I also know in the future that I will be expected to start carrying a laptop on my commute. Between the size of most laptops and the limitations of my laptop bag, this will limit what I can carry with me. After my notebook, I can probably only carry one book. Or I can carry an iPad. Based on Apple's announced dimensions, the iPad is slightly thinner than Web Design For Developers (which is about 0.6875 inches thick). With a case, it's probably thicker but probably not more than an inch thick. Even though I like books, there is a definite sense of economy here. (This assumes that the iPad will be able to use PDFs. However, since the iPhone can, the iPad should be able to as well. And since there is so much content available as PDFs, I think that it would be a mistake for PDF support to be omitted. However, what I think the iPad will/should do is really something for another discussion.)
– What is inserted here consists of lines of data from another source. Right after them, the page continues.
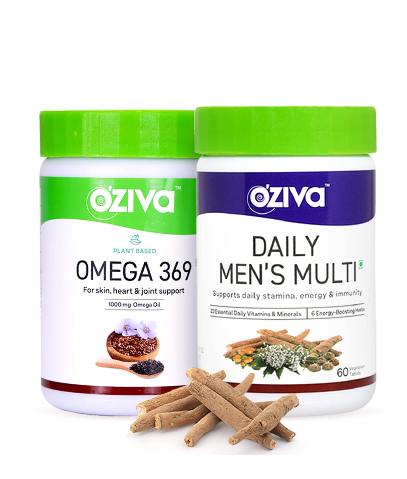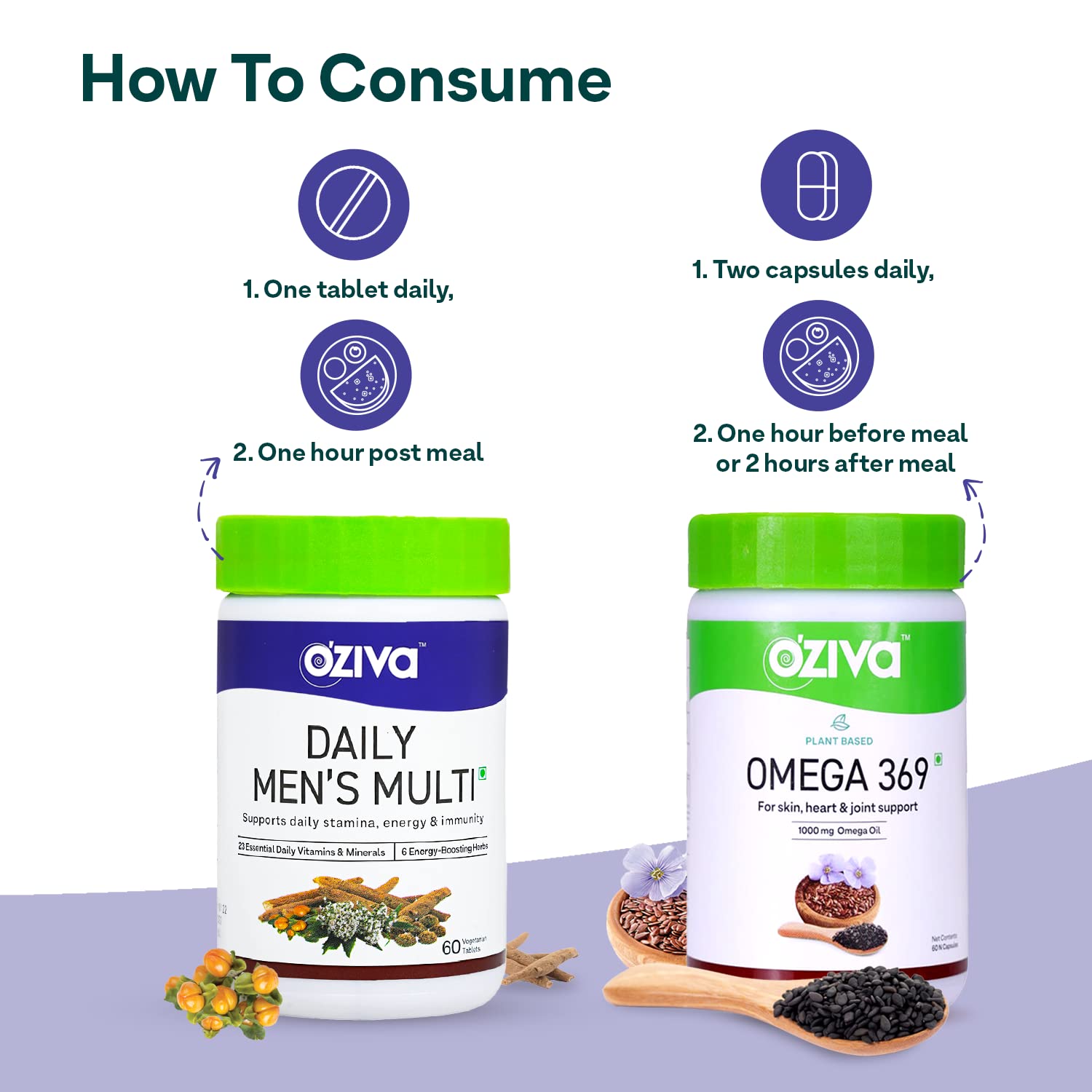 OZiva Wellness Combo For Men (60 Veg Tablets of Daily Menâs Multi with Multivitamins & Minerals And 60 Veg Capsules of Omega 369 With Vegan Omega) For Energy Stamina Immunity & Heart Health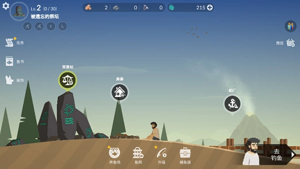 2、玩家需通过钓鱼获取资源,进而兑换工具和获取钻石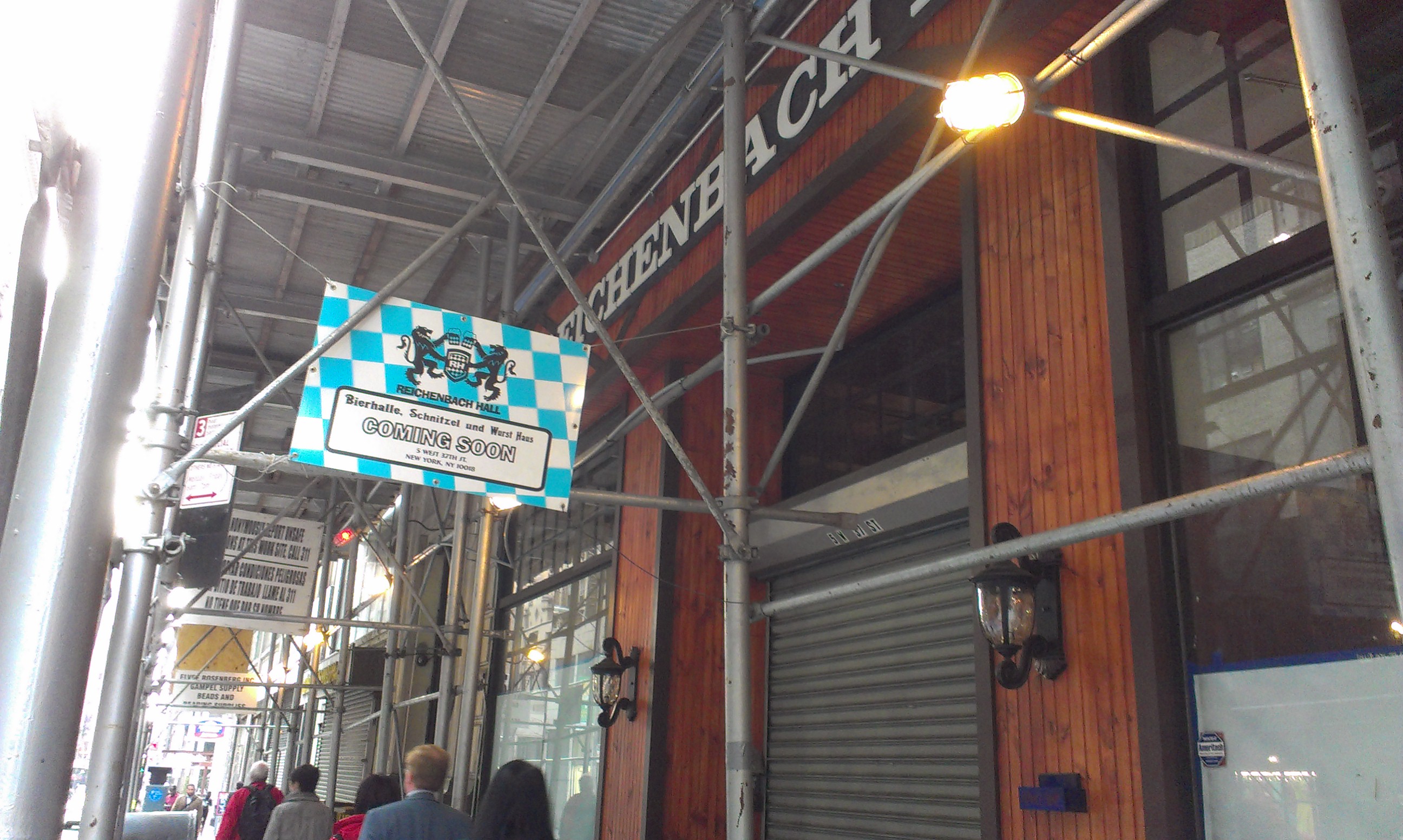 Midtown already has Bierhaus on 3rd Ave., but now Midtown West is set to get some German beer action. Reichenbach Hall is under construction on 37th St. between 5th and 6th Aves. Their signage and website promises beer, schnitzel, and sausage, but there’s no word on when they’ll open their doors. Anyone excited for more German lunch options, or maybe just a place to grab a few liters of lager after work?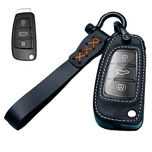 キーケース アウディ用 スマートキーケース キーカバー 3ボタン 本革 レザー アウディ 専用設計 Audi 新型 A1 A3 A6 Q2 Q3 Q7 TT TTS R8 S3 S6 RS3 等に適用 手触りいい 汚れ 滑り 傷 防止 オシャレ リモコン キーホルダー (ブラック)
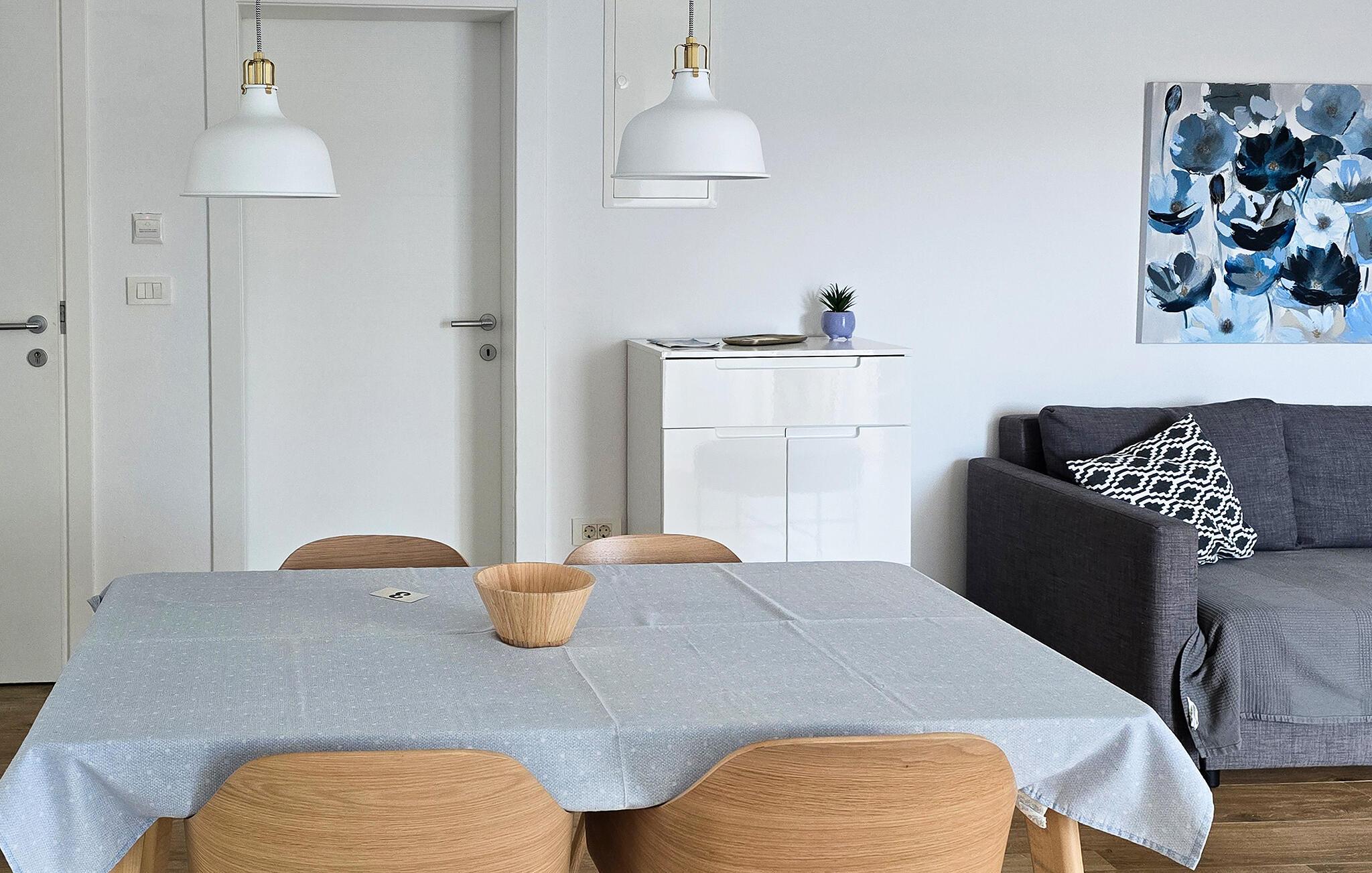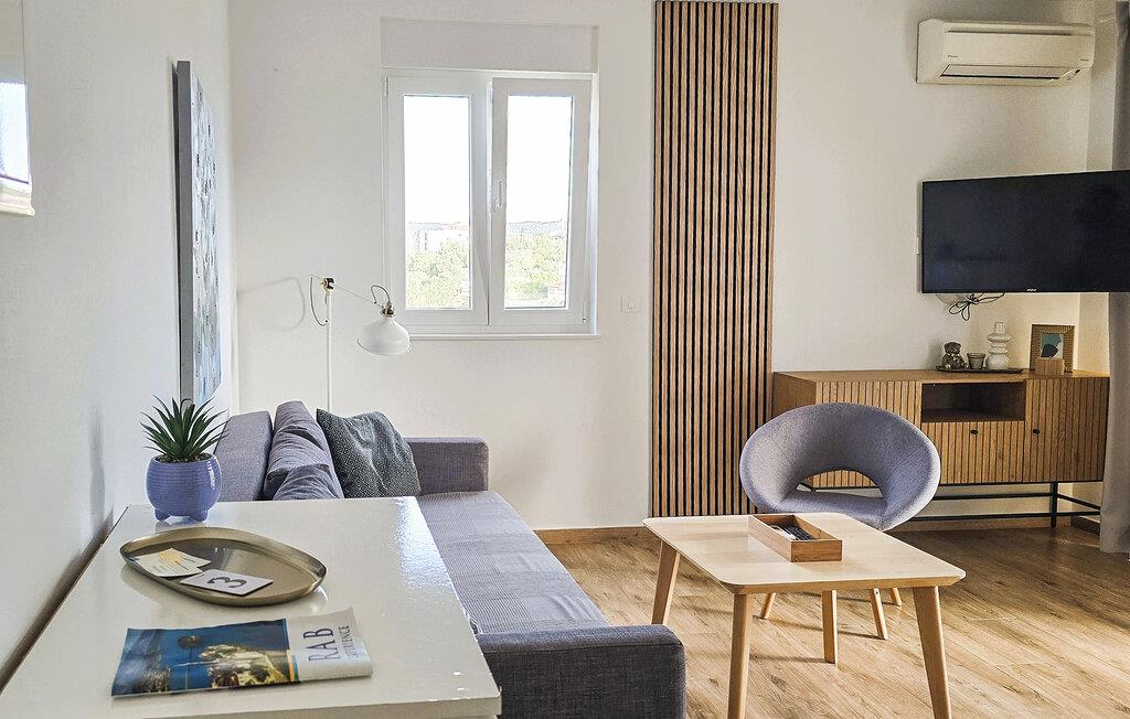 Velkommen til denne lyse og komfortable lejlighed, hvor I kan finde ro i sindet til et afslappende ophold på den charmerende ø Rab. Tilbered middelhavsretter og planlæg jeres aktiviteter i ro og mag. Efter en lang dag kan I streame en film eller slappe af med en god bog.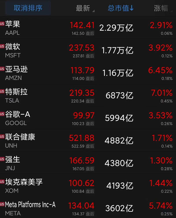 盘面上看,大型科技股周一普涨,特斯拉涨7%,亚马逊涨6.45%,英伟达、脸书母公司Meta涨超5%,微软、谷歌涨超3%,苹果涨2.91%。本周,美股财报季持续,特斯拉、奈飞、国际商用机器公司(IBM)也将公布财报。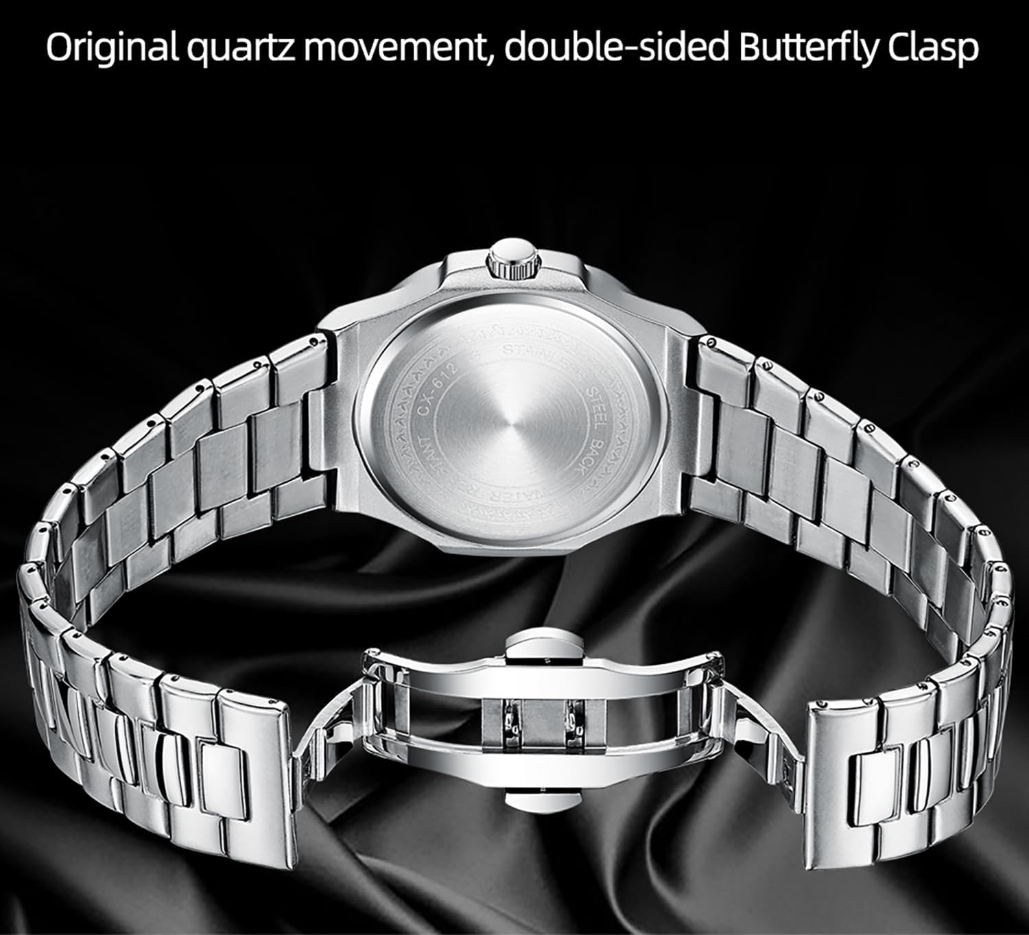 - Stainless Steel Strap – The band is made from durable stainless steel, offering a secure and adjustable fit for most wrist sizes. Resistant to corrosion and fading, it maintains its finish through daily wear and pairs well with formal, business, or casual attire.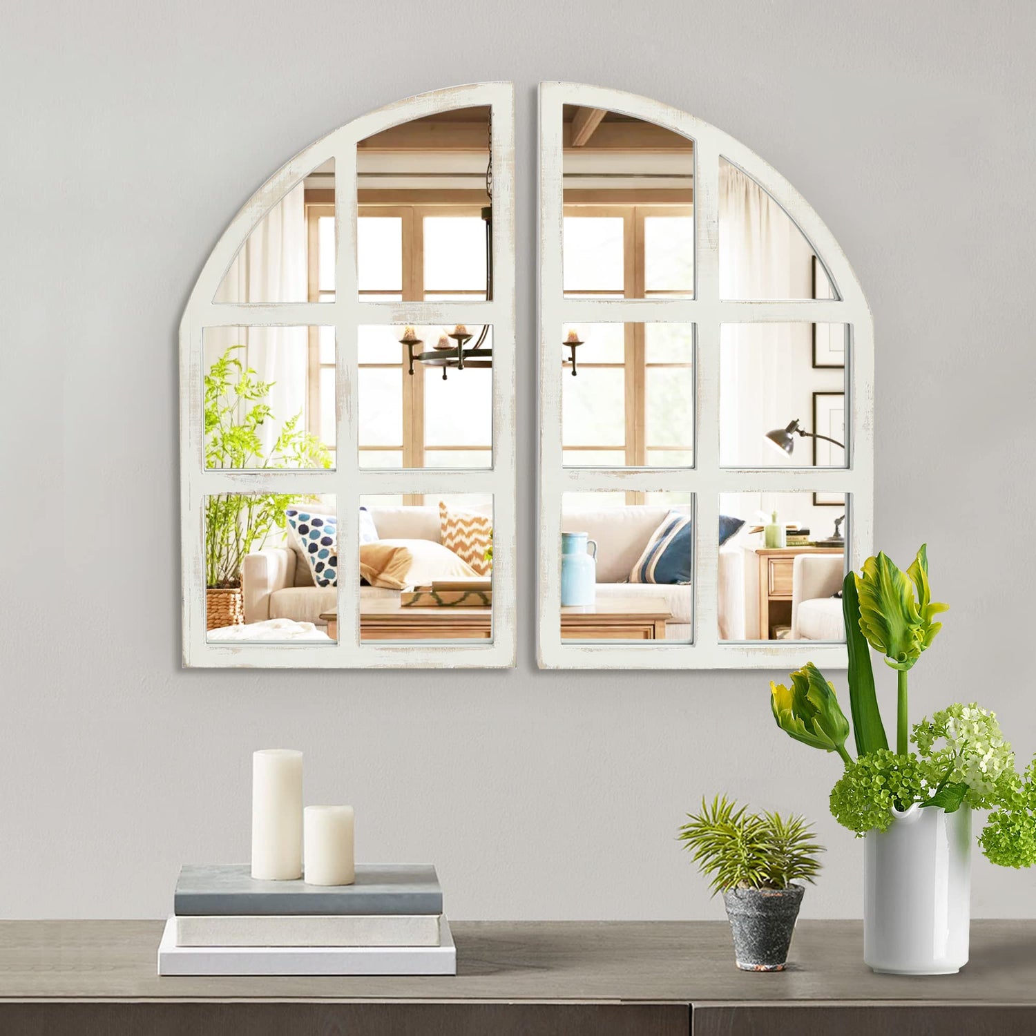 FLORA Farmhouse Mirror, Arch Window Wall Mirror for Kitchen Bedroom Living Room Wall Decor, Set of 2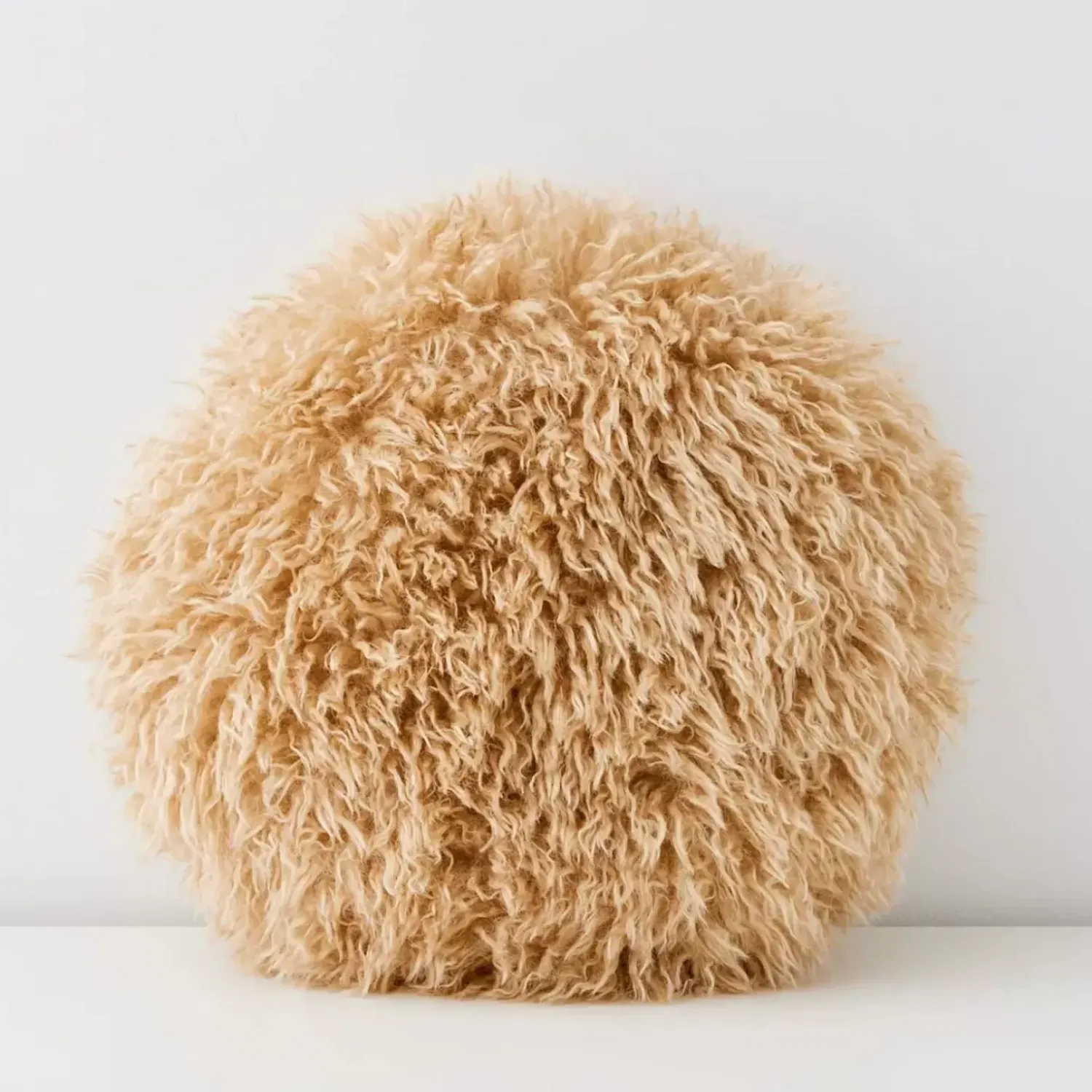 Lean Into Luxury With This Circular, Plush Accent Cushion In Camel Coloured Faux Fur. The Perfect Statement Accessory For A Bold, Diva-Like Living Room Lounge.

A 3G iPad would provide me with something I don't currently have: An internet connection usable during the commute (or, theoretically, even while traveling). (I absolutely despise doing web browsing on the Blackberry I have.) There is definite appeal in having a reliable SSH client to fix problems that arise while I'm out. Being able to check blog entries or other resources to help me research whatever project I'm working on would help. Also, to add to the sense of economy above, I know that the iPhone can use the mobile interface for Safari Books Online so the iPad should be able to as well, something my current phone cannot do.

And I find that as I think about the iPad more, I can find more uses for it for me. I don't know that I would call it "magical" but it certainly has the potential to be revolutionary. And just like the iPhone changed things, the iPad certainly will.